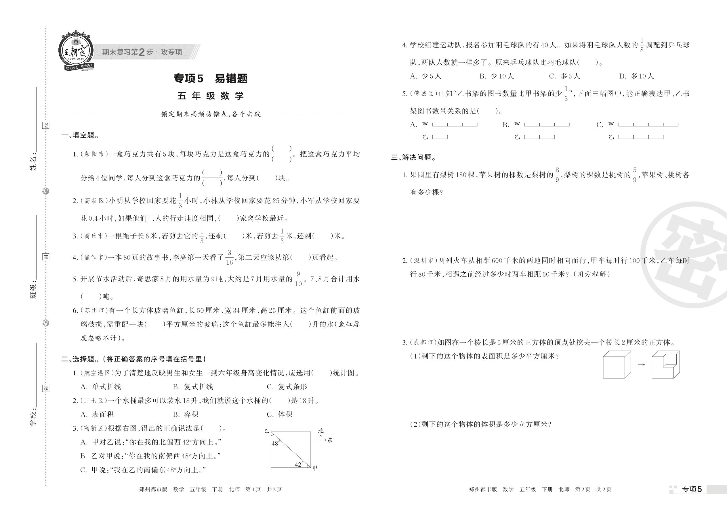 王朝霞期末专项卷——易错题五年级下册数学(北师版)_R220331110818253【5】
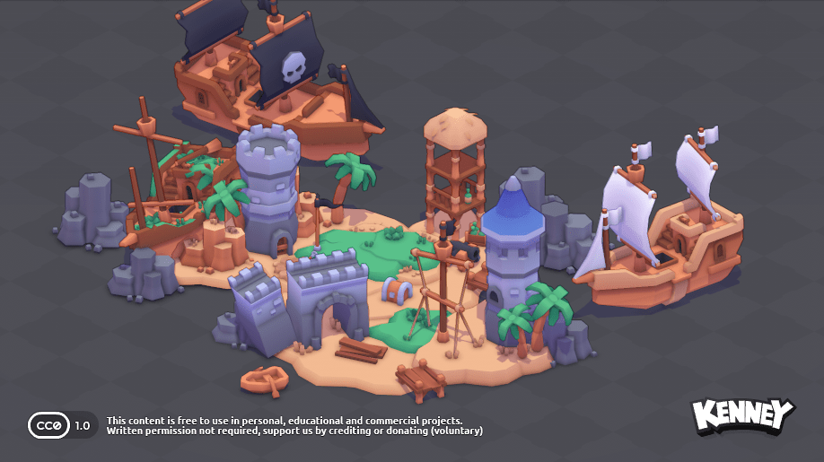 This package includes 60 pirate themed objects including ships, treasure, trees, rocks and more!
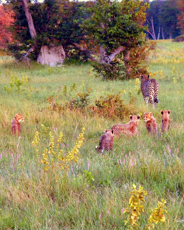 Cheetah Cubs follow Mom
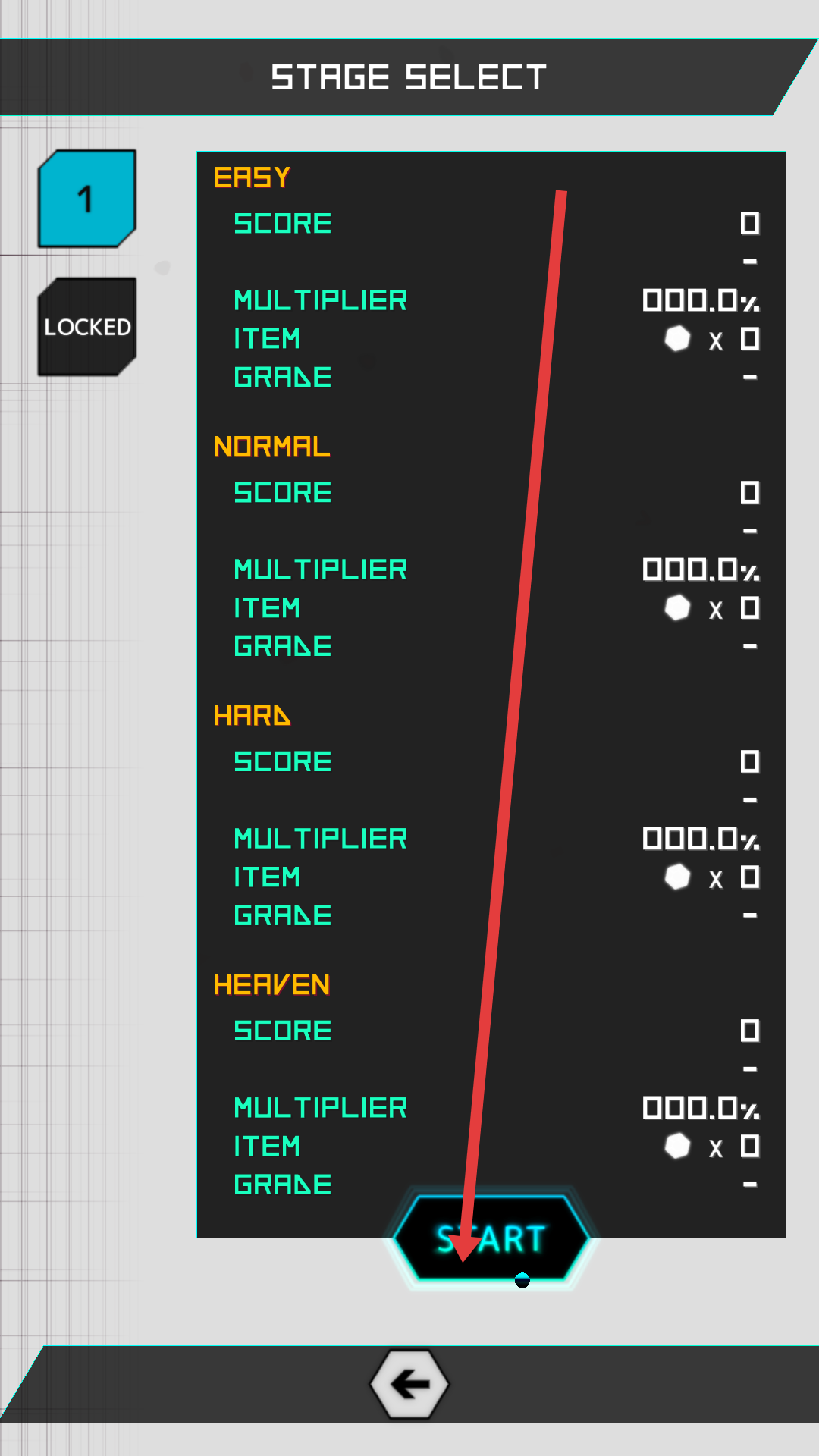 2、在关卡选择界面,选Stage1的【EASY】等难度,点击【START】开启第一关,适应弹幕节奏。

* * *

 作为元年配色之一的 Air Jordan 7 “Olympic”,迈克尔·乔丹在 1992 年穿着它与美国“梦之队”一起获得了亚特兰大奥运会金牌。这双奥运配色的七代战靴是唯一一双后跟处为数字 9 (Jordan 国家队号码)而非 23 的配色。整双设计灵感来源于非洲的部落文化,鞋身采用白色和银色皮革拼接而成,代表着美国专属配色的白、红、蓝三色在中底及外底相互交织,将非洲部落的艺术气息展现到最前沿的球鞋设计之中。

--

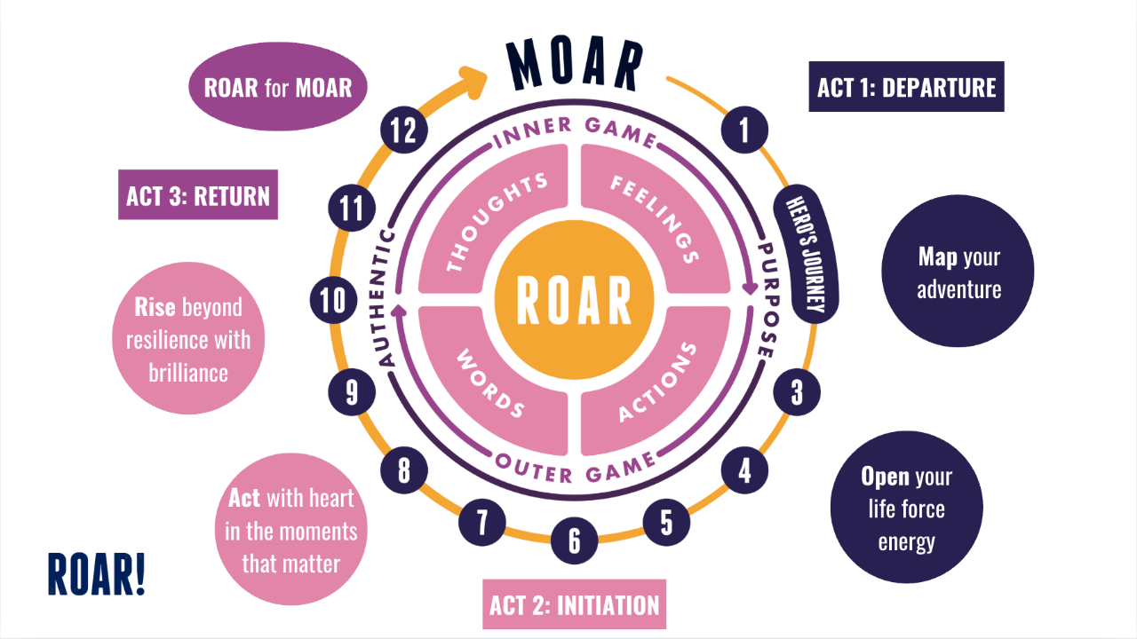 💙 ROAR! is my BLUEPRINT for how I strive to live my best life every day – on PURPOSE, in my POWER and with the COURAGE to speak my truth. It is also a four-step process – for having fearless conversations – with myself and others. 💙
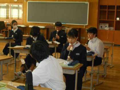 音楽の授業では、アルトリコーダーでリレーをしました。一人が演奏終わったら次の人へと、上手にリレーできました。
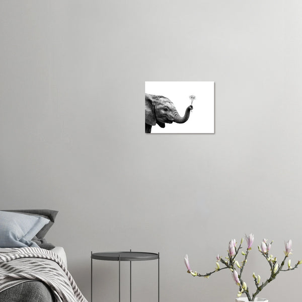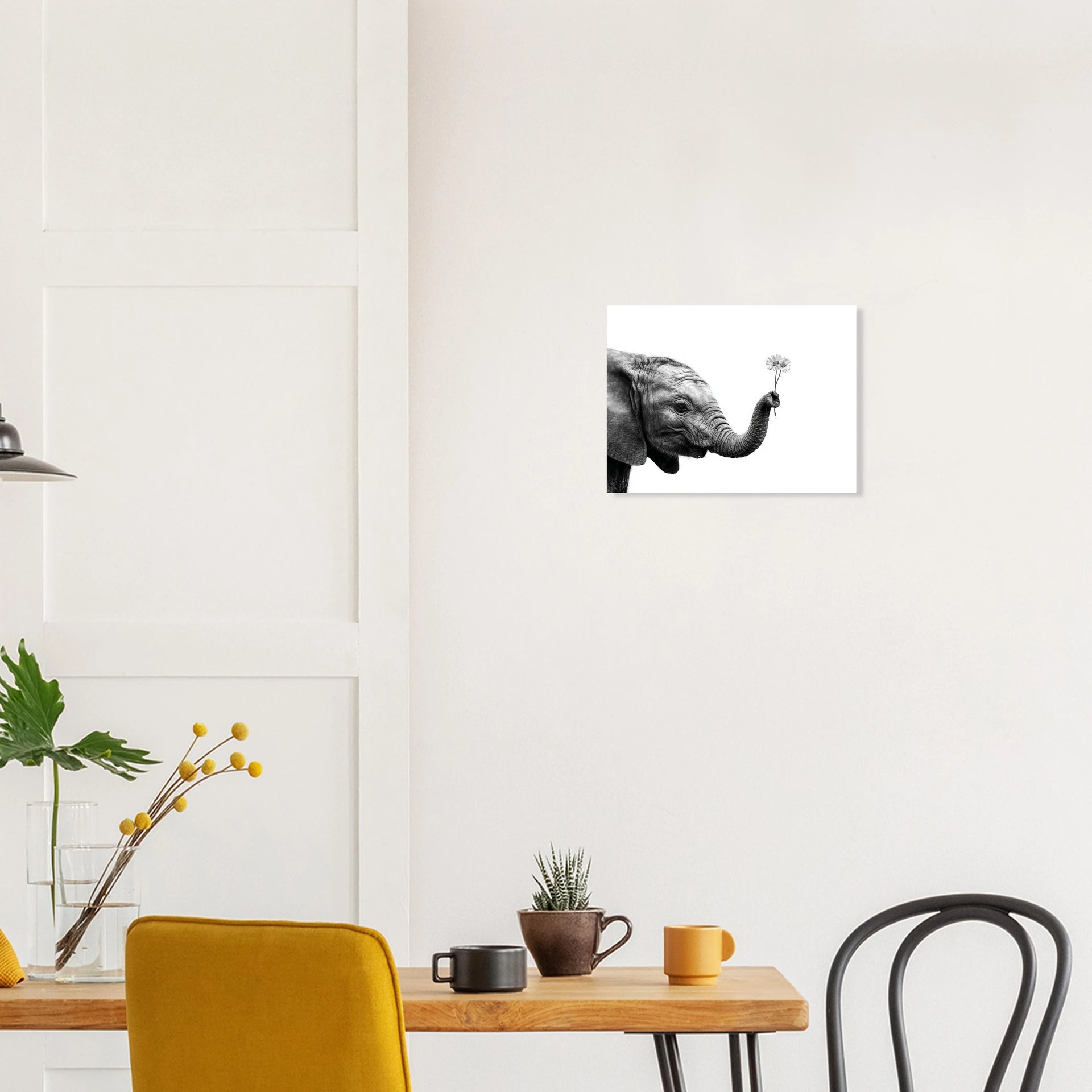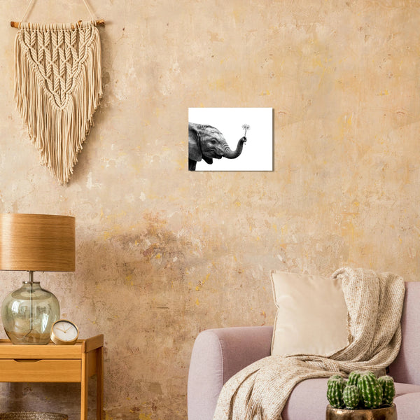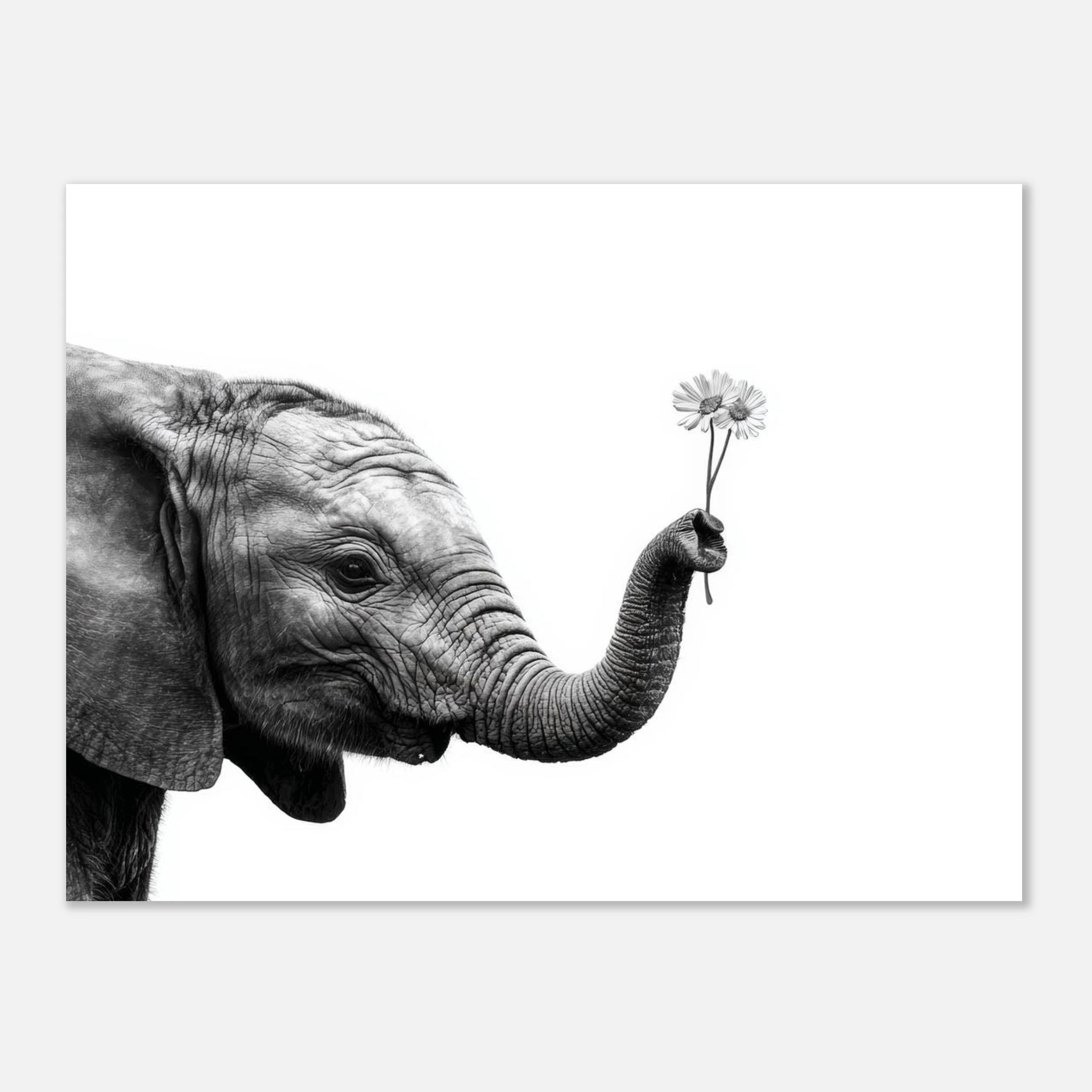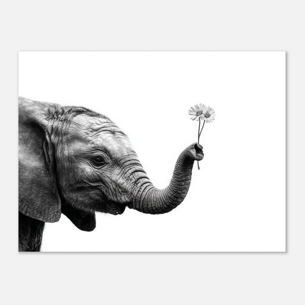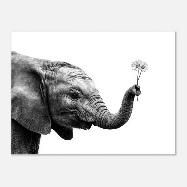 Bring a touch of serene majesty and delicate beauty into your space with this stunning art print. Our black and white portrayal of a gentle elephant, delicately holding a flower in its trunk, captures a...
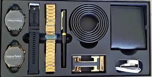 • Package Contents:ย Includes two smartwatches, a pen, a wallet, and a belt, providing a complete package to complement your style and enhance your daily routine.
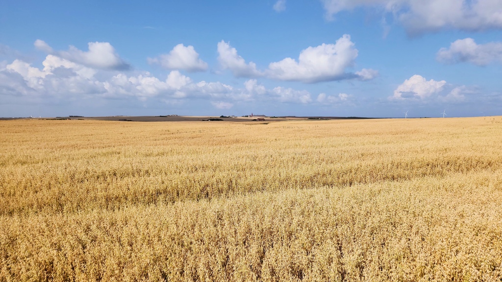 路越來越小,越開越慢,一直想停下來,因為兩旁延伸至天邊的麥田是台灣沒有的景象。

:: Task directions ::
What's needed is an exact copy of the lines above from the one with "This package includes" through the one with "2、在关卡选择界面,选Sta", both included; the pictures stay out.

:: Response to this exercise ::
 This package includes 60 pirate themed objects including ships, treasure, trees, rocks and more!
 Cheetah Cubs follow Mom
 2、在关卡选择界面,选Stage1的【EASY】等难度,点击【START】开启第一关,适应弹幕节奏。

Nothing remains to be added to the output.